# Sailing Haiti



## geertvanderkolk (Jul 19, 2007)

I recently returned from a pretty exciting cruise to Haiti and Cuba. I hope to go back to Haiti next year, and would like to get in touch with other sailors who have an interest in that fascinating country. Some pictures and stories from our cruise are online:

http://web.mac.com/geertvanderkolk/iWeb/homepage/haiti_and_cuba_photos.html

Thanks!

Geert van der Kolk


----------



## danjarch (Jun 18, 2007)

Nice pics. Sounds like you guys had a wonderful time.


----------



## Cruisingdad (Jul 21, 2006)

I will self edit, per Hyperion, and only say this:

If you go to Cuba and you are an American, and they catch you or suspect you, you can likely kiss your boat and money goodbye.

- CD


----------



## TSOJOURNER (Dec 16, 1999)

CD - I appreciate the level-headedness to often bring to a thread which, for no reason other than being on SailNet, begins to spiral into the abyss... I've got to say, though, notwithstanding your disclaimer in your PostScript, that what was nothing more than a post by a good, Dutch fellow (I know he's good because he's Dutch - and if you aren't Dutch you aren't much), turned uber-political in a hurry.

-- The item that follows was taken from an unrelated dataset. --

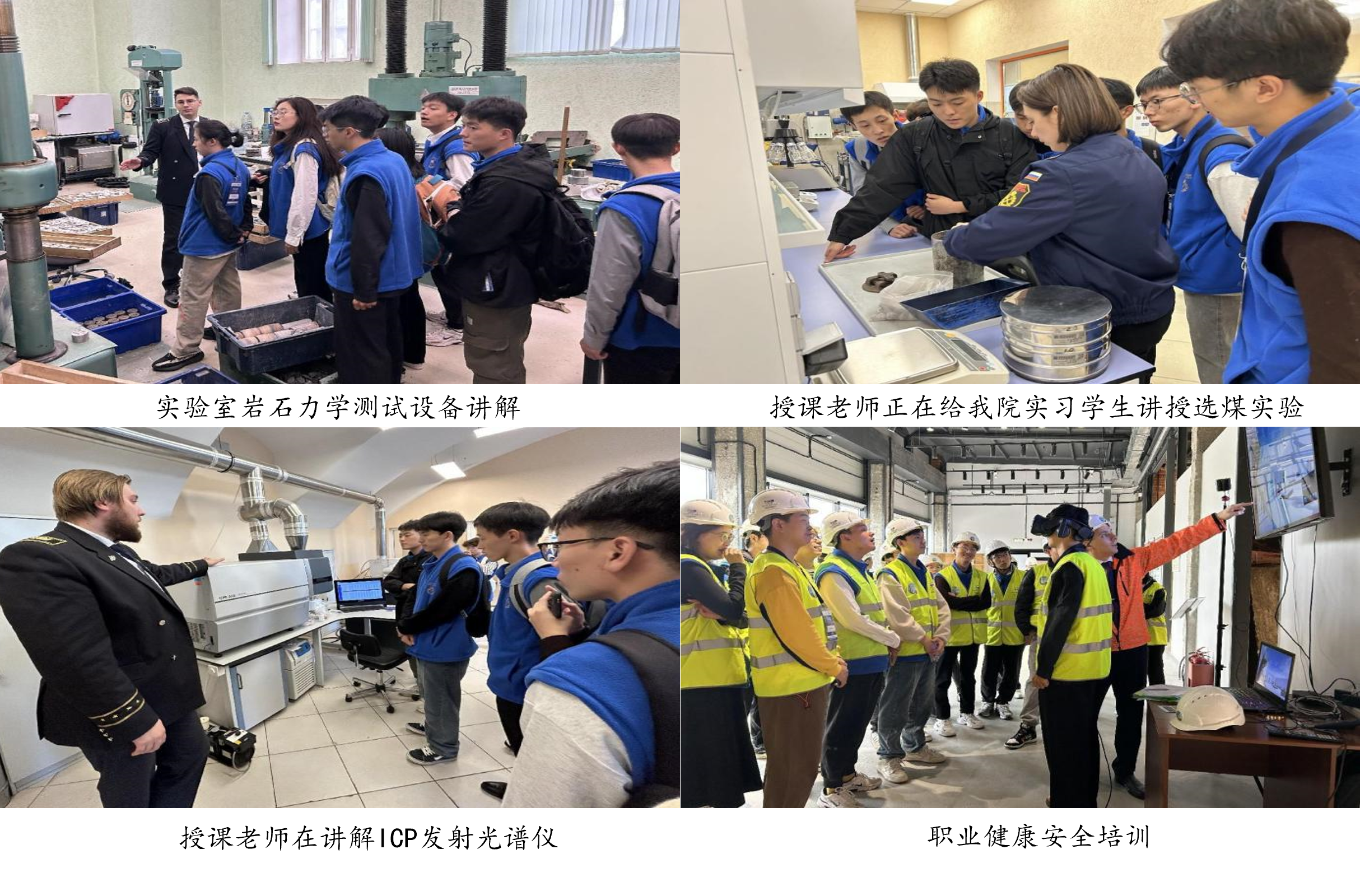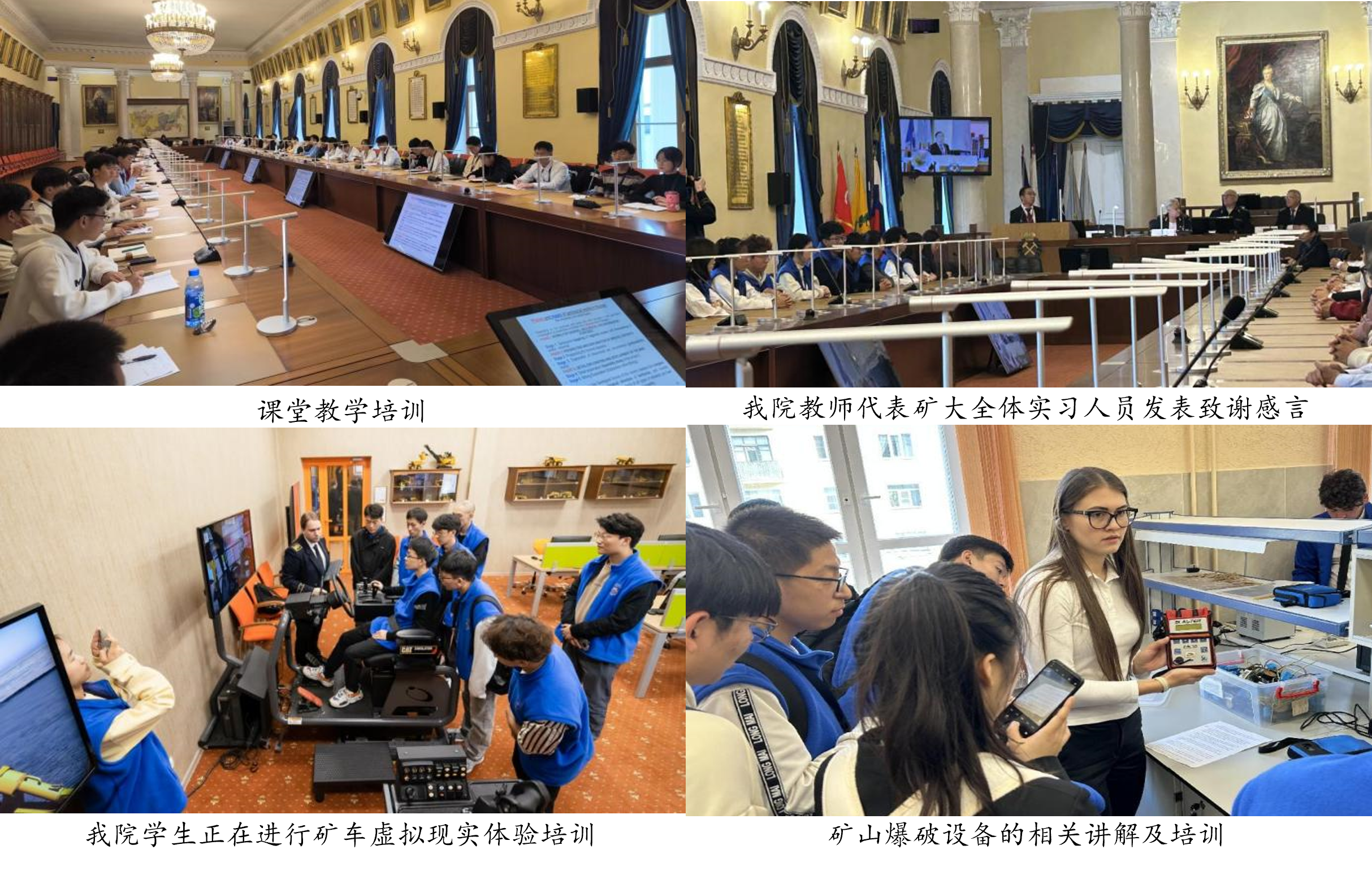 本次实习得到了俄罗斯圣彼得堡矿业大学的高度重视,在住宿、饮食、培训课程等方面都进行了精心的安排,并在学校官网进行了三次跟踪报道。本次实习的内容涵盖现代地下(露天)采矿、现代洗选技术、固体废弃物处理、地质力学、矿山环境保护、矿山职业健康、矿业数字化转型、矿业数值计算软件等多个方面。实习形式包括学术讲座、课程培训、实验室参观、虚拟实景矿业体验、安全生产培训、历史人文参观等。参加本次实习的学生代表陈家燕表示:“这次实习让我更加深入地了解了矿业领域的前沿技术和挑战,也为我未来的职业发展打下了坚实的基础”,参加本次实习的学生代表向高航表示:“我领略了这里充满魅力的文艺气息以及深厚的学术底蕴,我非常珍视在这个城市里所度过的难以忘怀的时光,还有我在这里所学到的先进矿山开采知识”。

I'd love to jump in and discuss the ironies of the "atrocities" to which you draw attention, but I'd love even more for a thread to just stay about sailing for once. Just like you, CD, honestly not an attack. Just an observation.

Dank jou, M. van der Kolk.


----------



## TSOJOURNER (Dec 16, 1999)

Nice pics, thanks for sharing. I like the bamboom setup... Giu, take note


----------



## Cruisingdad (Jul 21, 2006)

Hyp,

Deleted thread

I will self-edit this post. My intentions are not to turn this thread away form what it is. I will let it be, Hyperion. But it is VERY hard for I have VERY strong opinions on this matter, enforced no doubt by living in S FLorida with many Cubans whose lives he ruined.

- CD


----------



## TSOJOURNER (Dec 16, 1999)

Cruisingdad said:


> Hyp,
> 
> Deleted thread
> 
> ...


CD,

Not saying I don't agree with you or at least understand what you're saying, and I totally respect you for choosing to keep things on-topic despite your strong feelings on the subject. See? That's that "level-headedness" I was talking about.  It's a rare thing, especially here.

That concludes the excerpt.